Wolken zeichnen mit Sprenkeln und Streifen bizarre Bilder ins winterliche Pastell. In der vergangenen Nacht hat es gefroren, sodass Bäche und Rinnsale erstarrten und zur Kulisse ihres eigenen Daseins wurden; pausierende Lebendigkeit.
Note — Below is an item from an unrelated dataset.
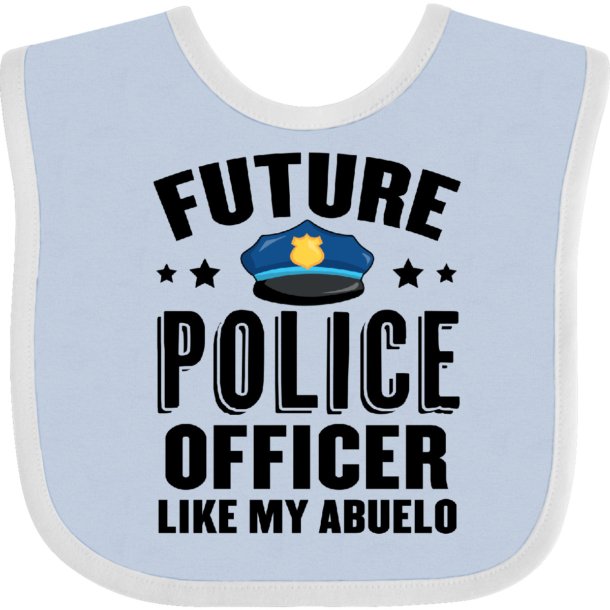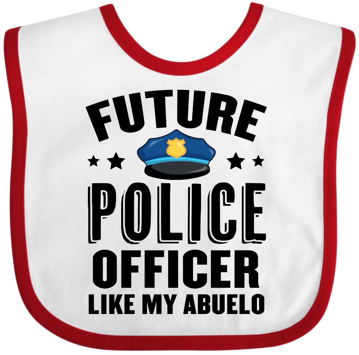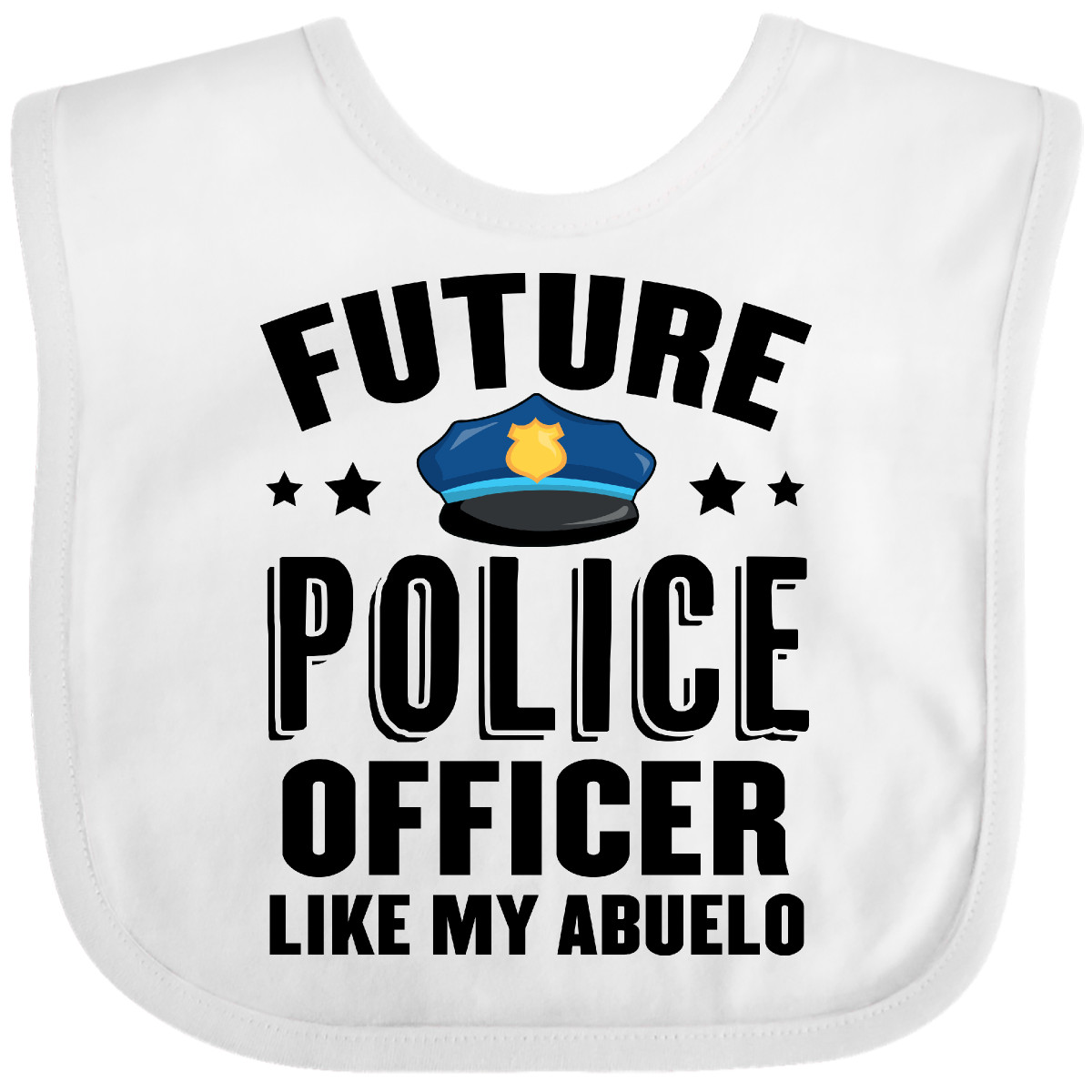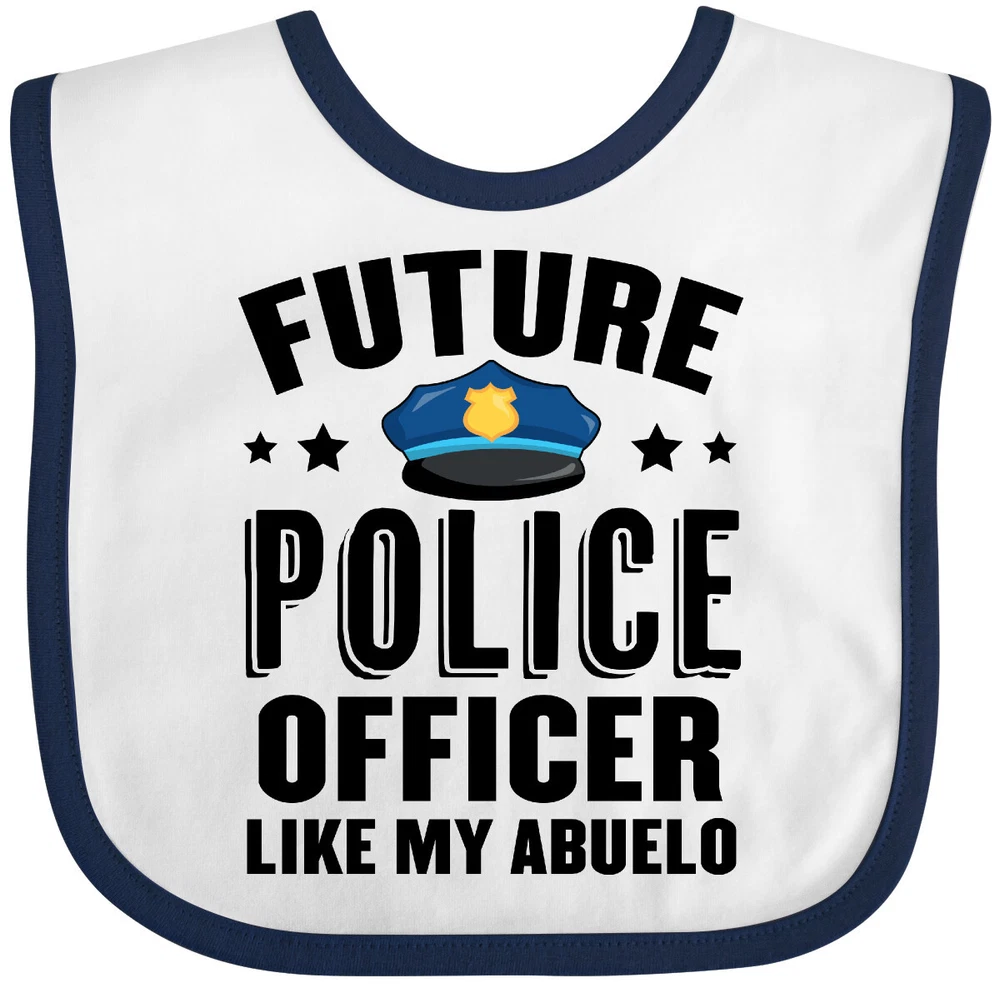 Our cute Future Police Officer Like My Abuelo Baby Bib makes the perfect baby shower gift for Law Enforcement families! Fun pregnancy announcement for your future police officer! Our Baby Bib is rated high in convenience and durability and with a variety of fashionable colors, your baby can be trendy. Mix and match to any outfit. 100% cotton ring spun combed heather colors are cotton-poly. Width 7.75", Length 11.75" Baby Bib. Our eBay Store Future Police Officer Like My Abuelo Baby Bib White and Blue One Size 13.99 Our cute Future Police Officer Like My Abuelo Baby Bib makes the perfect baby shower gift for Law Enforcement families! Fun pregnancy announcement for your future police officer! Our Baby Bib is rated high in convenience and durability and with a variety of fashionable colors, your baby can be trendy. Mix and match to any outfit. 100% cotton ring spun combed heather colors are cotton-poly. Width 7.75", Length 11.75" Baby Bib. Ideal birthday gift for your son or daughter who can't wait to attend the Police Academy. Fun pregnancy announcement for your future police officer! Our cute Future Police Officer Like My Abuelo Baby Bib makes the perfect baby shower gift for Law Enforcement families! Our bibs are combed ring-spun cotton. Reinforced with a hook and loop closure. Created with only the finest and softest of materials that allow the little one to stay clean and comfortable. Printed with the best direct to garment printing technology using only ECO-FRIENDLY ink, creating a safe and comfortable bib.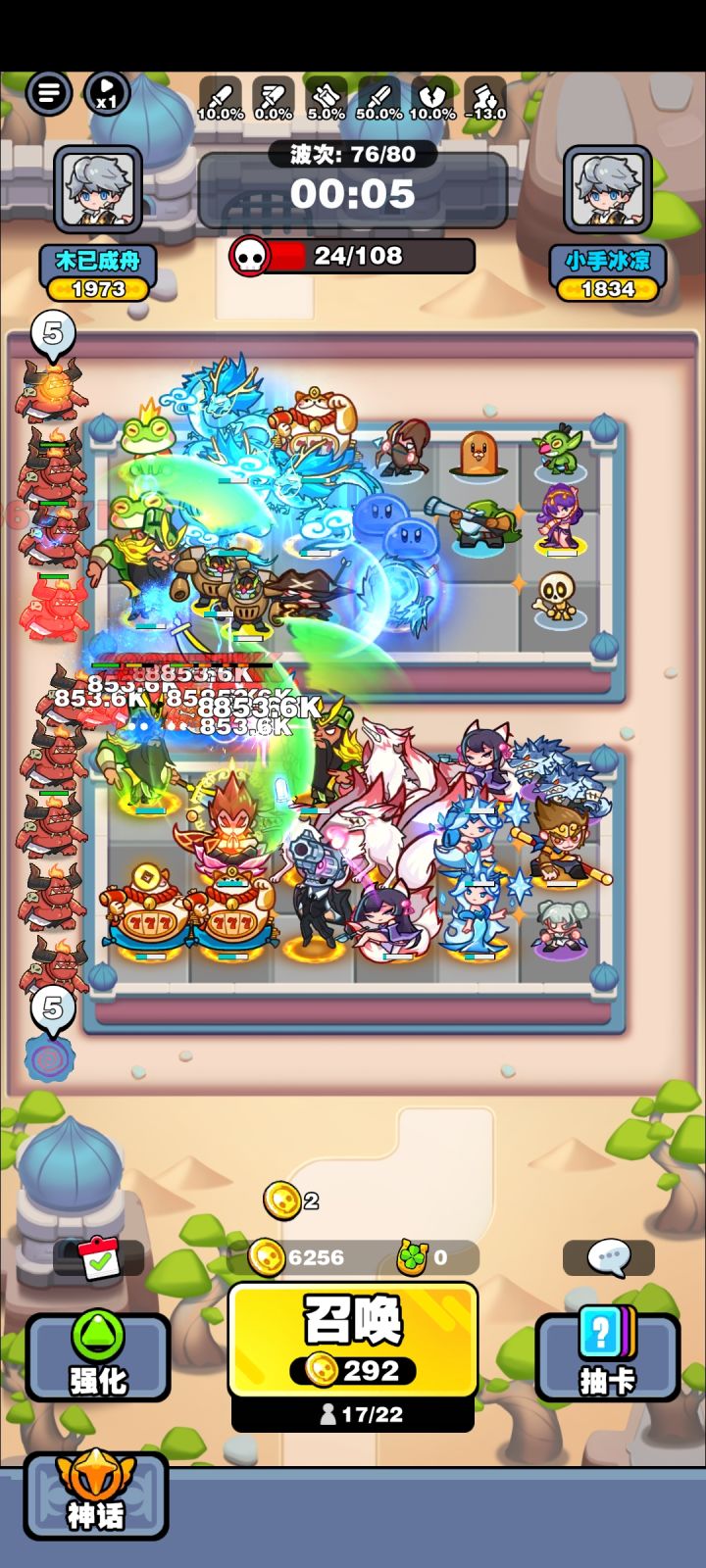20关以后-4就比较难打了,要么孵出5条及以上龙,要么成功变身2个青蛙,当然控制也是必须的,我用的狐狸,一般做2个,有舞女的时候冰女必做(剑仙也可以,不过我没有)不然小怪清不完。 20以后开局必须赌金,不然过不去(紫星不清楚),经济允许的话把金箱子都开了够10个币再抽金,一个是概率大一点,再一个有个满10币送2币的任务,出金之后全部币强化(除开熊猫其他金都能挺到第10波),攒到1800金币,召唤

Der Grand Lake, einer der vielen Seen der Atlantikprovinz, hat mit dem Weben seiner eisigen Decke begonnen, die ihn für die nächsten Monate zur Spielfläche für Eis-Angler, Spaziergänger und Hockeyfans machen wird; die Eisschollen wachsen zusehends und dort, wo Nähte entstanden, sieht es aus, als hätten geheimnisvolle Wesen ihre Pfade angelegt, um den erstarrenden See zu Fuß bis zu den Häusern am gegenüberliegenden Ufer überqueren zu können. Manche Spur zieht sich zu den kleinen Inseln, die sonst einsam inmitten des Gewässers Enklaven der Vogelwelt sind. Nun sehen sie sich unerwartet mit dem Land vereint.
Der Wald wirkt chaotisch und ungezähmt. Gekippte Bäume, hilflos ineinander verkeilt, zeugen mit ihren zum Himmel ragenden, rippengleichen Ästen von Krankheit und Tod; Stümpfe und abgesägte Zweige von menschlichem Eingreifen; kleine Kiefern und Tannen von der unbändigen Kraft der Natur, alles nachwachsen zu lassen, was irgendwo einen Platz findet.
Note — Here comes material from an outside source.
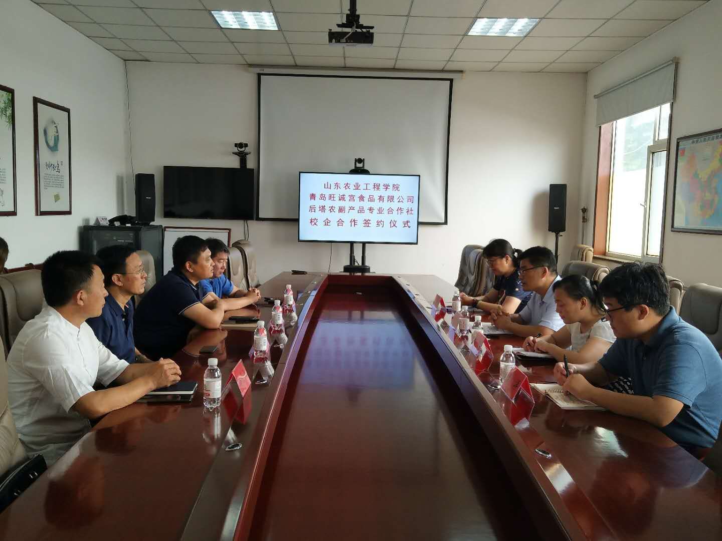 7月13日上午,我院于克学院长、姚文华副教授、于辉副教授及秦洋博士赴青岛莱西与青岛旺诚宫食品有限公司、后塔农副产品专业合作社就校企合作进行商谈,并召开签约会议。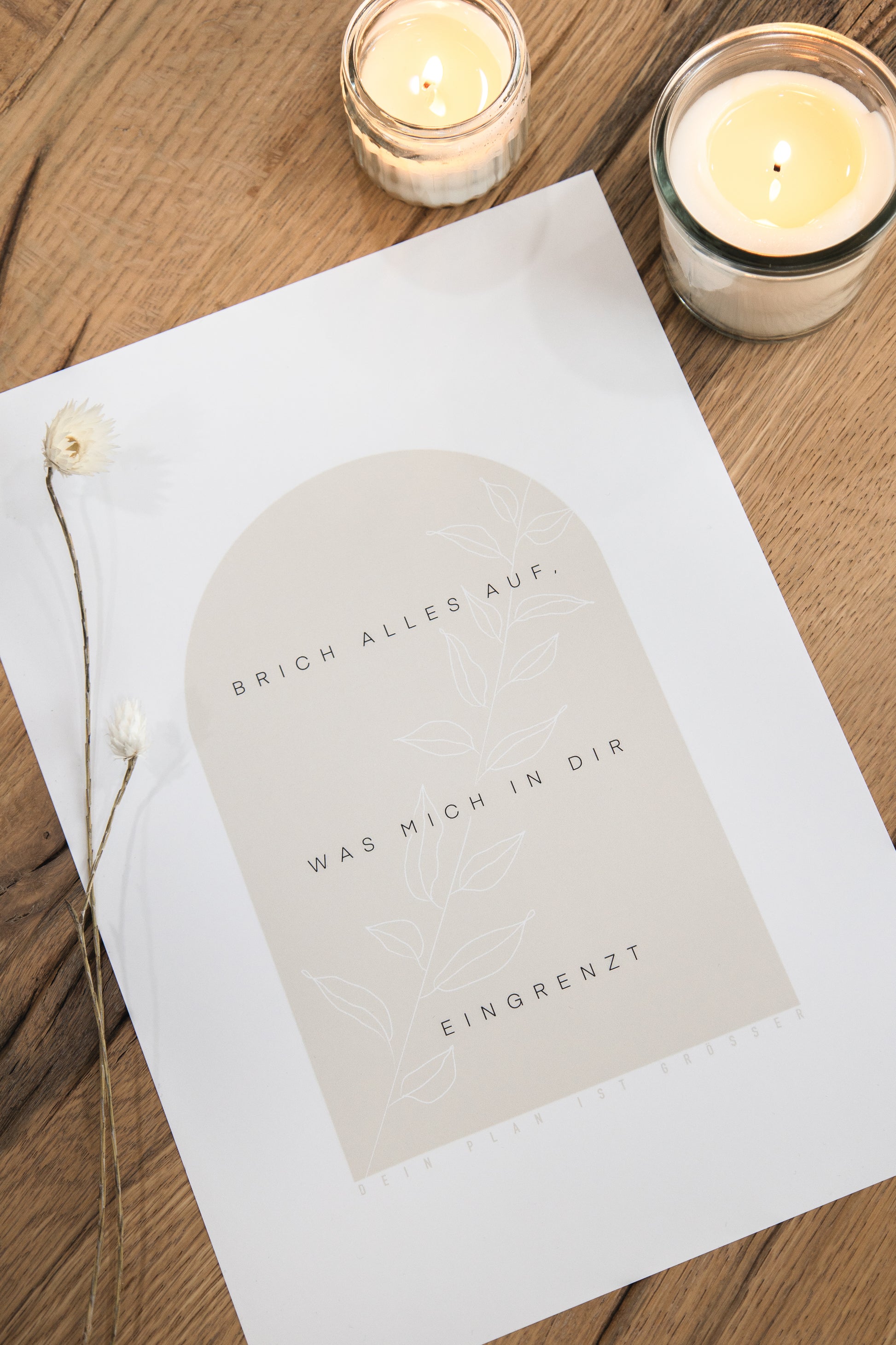 Poster; Brich alles auf, was mich in dir eingrenzt. Dein Plan ist grösser; Boho; Beige

Hoch über Marisa krähen Rabenvögel auf Beutezug, sie hört sonst nichts außer dem eigenen Atem. Sie lässt eine Handvoll Schnee von ihrem Handschuh rieseln, rüttelt an einem dünnen Tannenbaum und stellt sich unter die fallenden Flocken, dass es kalt auf ihrem Gesicht prickelt, dann stapft sie ein Stück weiter, bis sie ans Ufer des Sees kommt, betrachtet das von Eis überzogene Schilf und schaut zum Himmel, um abzuschätzen, ob es wieder schneien wird. Zwischen den nackten Baumkronen sieht sie von weit hinten eine graue Wolkenwand herankommen, die die aprikosenfarbigen und weißen Tupfer zu überwältigen droht.
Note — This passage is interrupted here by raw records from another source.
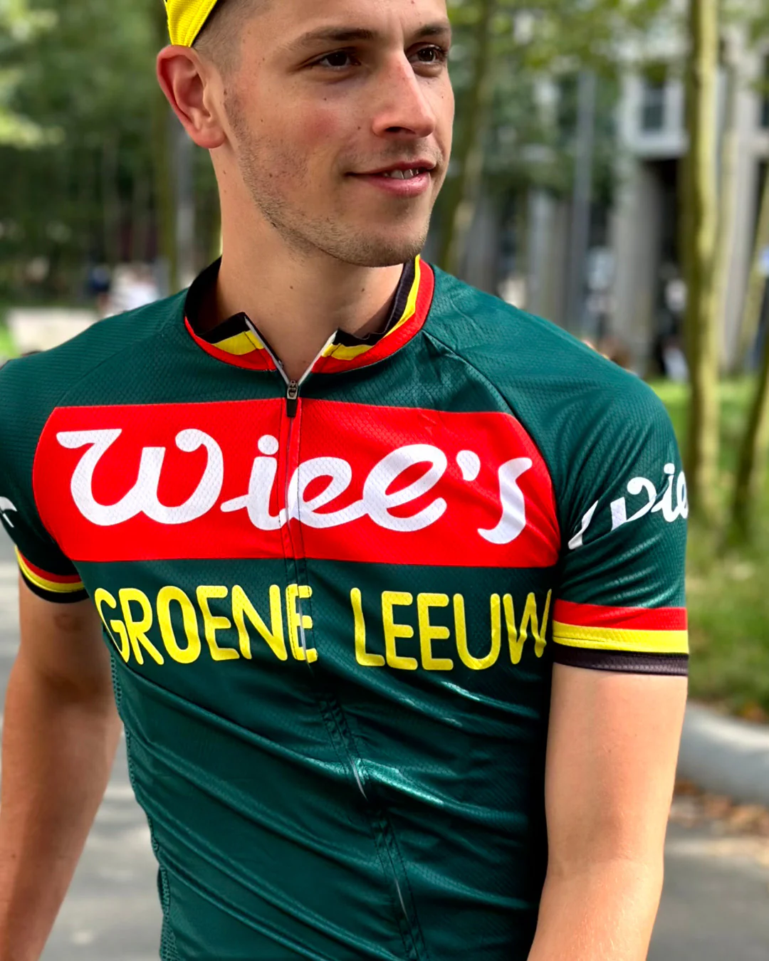 Réplique particulièrement belle du maillot cycliste historique du Wiel’s Groene Leeuw. Cette équipe cycliste belge a été fondée en 1945 par le fabricant belge de vélos Groene Leeuw. En 1960, le brasseur de bière belge Wielemans-Ceuppens de Bruxelles est devenu un sponsor et de 1962 à 1965, l’équipe s’est appelée Wiels’ Groene Leeuw. À partir de cette période, les coureurs portaient ce magnifique maillot de cyclisme autour de leurs épaules. Groene Leeuw est un nom connu dans le monde du cyclisme et une véritable équipe cycliste belge. Des sponsors belges, des vélos de course belges et la plupart des coureurs venaient de Belgique. En tant que WIel’s Groene Leeuw, l’équipe a remporté entre 1962 et 1965 la Flèche wallonne, Gand-Wevelgem, les Quatre Jours de Dunkerque, Kuurne-Bruxelles-Kuurne et le Tour de Picardie, entre autres. Parmi les coureurs célèbres, citons Willy Van Driessche, Gustaal et Gilbert DeSmet, Jean-Baptiste Claes, Roger De Clercq, Dieter Puschel, Benomi Beheyt et Frans Meert.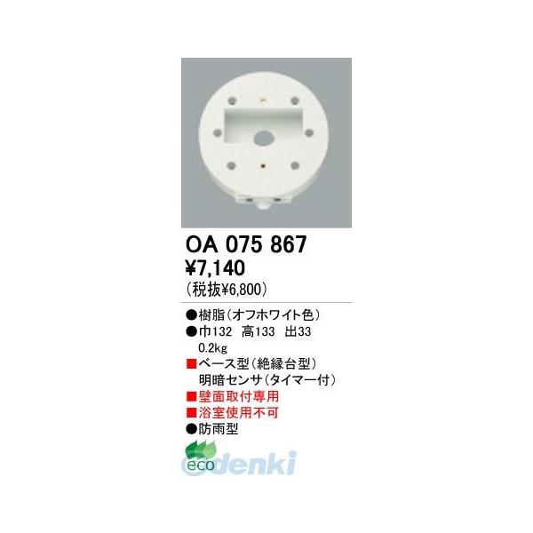 オーデリックメーカーお問い合わせ:03-3332-1123明暗センサ OA075867寸法:巾132 高133 出33製品重量(kg):0.2本体材質:樹脂(オフホワイト色)防湿防雨対応:防雨型●ベース型(絶縁台型)明暗センサ(タイマー付)注意事項:壁面取付専用注意事項:浴室使用不可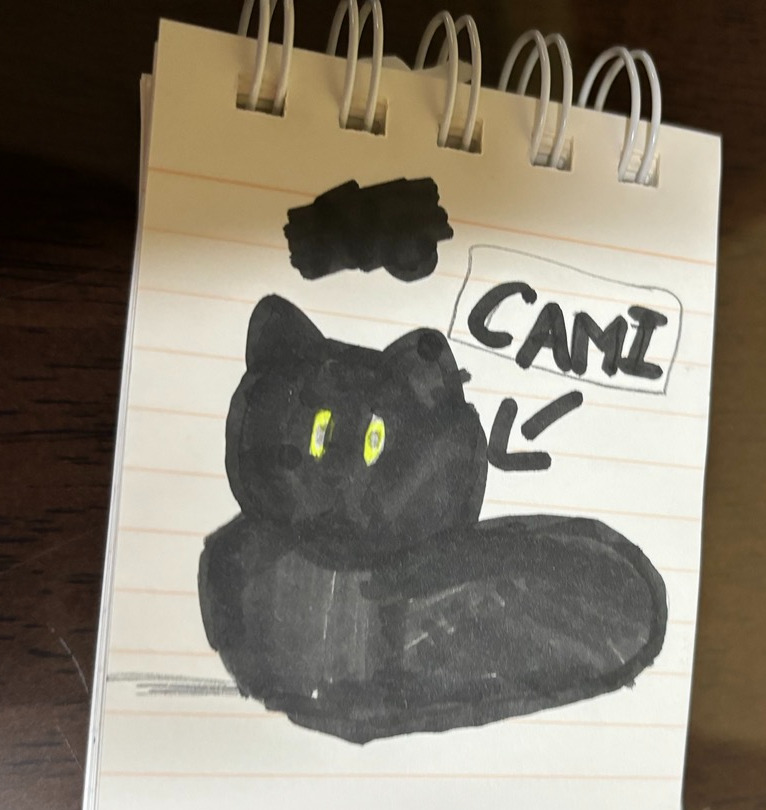 퇴원하고 하루 더 우리 집에 묵는 그 사이에도 작은 수첩을 꺼내 그림을 그렸다. 한나가 그린 까미를 보고 우리 가족들은 모두 웃음을 터트렸다. 그림 속 까미 눈동자를 자세히 보면 살짝 겁을 내는 게 엿보여서다.

Bruno, Marisas Mischlingsrüde, in dem vermutlich Border Collie und Neufundländer stecken, schleppt einen Stock herbei, legt ihn vor ihren Füßen ab, trabt ein Stück ins Gebüsch zurück, dreht sich um und blickt sie mit schief gelegtem Kopf und aufgestellten Ohren an. Marisa hebt den Stock auf und wirft ihn zwischen Bäume, dass der Hund ihm hinterherjagen kann. Die weißen Flecken in Brunos Fell sehen im Vergleich zum winterlichen Niederschlag gelb wie Pergament aus. Der Hund jappt aufgeregt und hat sichtlichen Spaß am Schnee, in den er hin und wieder beißt und darauf herumkaut, als wären es Bröckchen aus Fleisch, bis ein Eichhörnchen seine Aufmerksamkeit auf sich zieht. Aufgeregt fiepend und mit wehender Fahne sitzt es auf einem Baum, läuft dann flink herunter, verliert sich fast im Schnee und huscht auf das erstarrte Wasser. Marisa packt Bruno geistesgegenwärtig am Halsband. „Nein, mein Freund, du bleibst hier!“ Das dünne Eis würde ihn nicht tragen. Sie wirft erneut einen Stock, um ihn von dem Nager abzulenken.
Marisa stapft dem Hund hinterher, um sich durch das Gesträuch wieder zu dem Pfad durchzuschlagen, von dem sie gekommen ist. Sie folgt ihren eigenen Spuren, um im Schnee den Weg nicht zu verlieren. Der Wind lebt auf, und sie beginnt, trotz Mütze und Skijacke zu frieren.
Marisa ist noch nicht lange in Neuschottland. Nicht überstürzt, aber dennoch spontan hat sie die Reise angetreten. Zum Kofferpacken hat sie sich kaum Zeit gelassen; überhaupt hat sie den Trip nach Kanada nicht gründlich vorbereitet, obwohl sie letztendlich Großes damit vorhat. Groß sollen die Veränderungen sein, wenngleich sie bis jetzt nur schwammige Vorstellungen der 31Jährigen sind. Das Leben ändern, das steht an vorderster Stelle, und der intuitive Entschluss, nach Kanada zu kommen, soll der Beginn sein.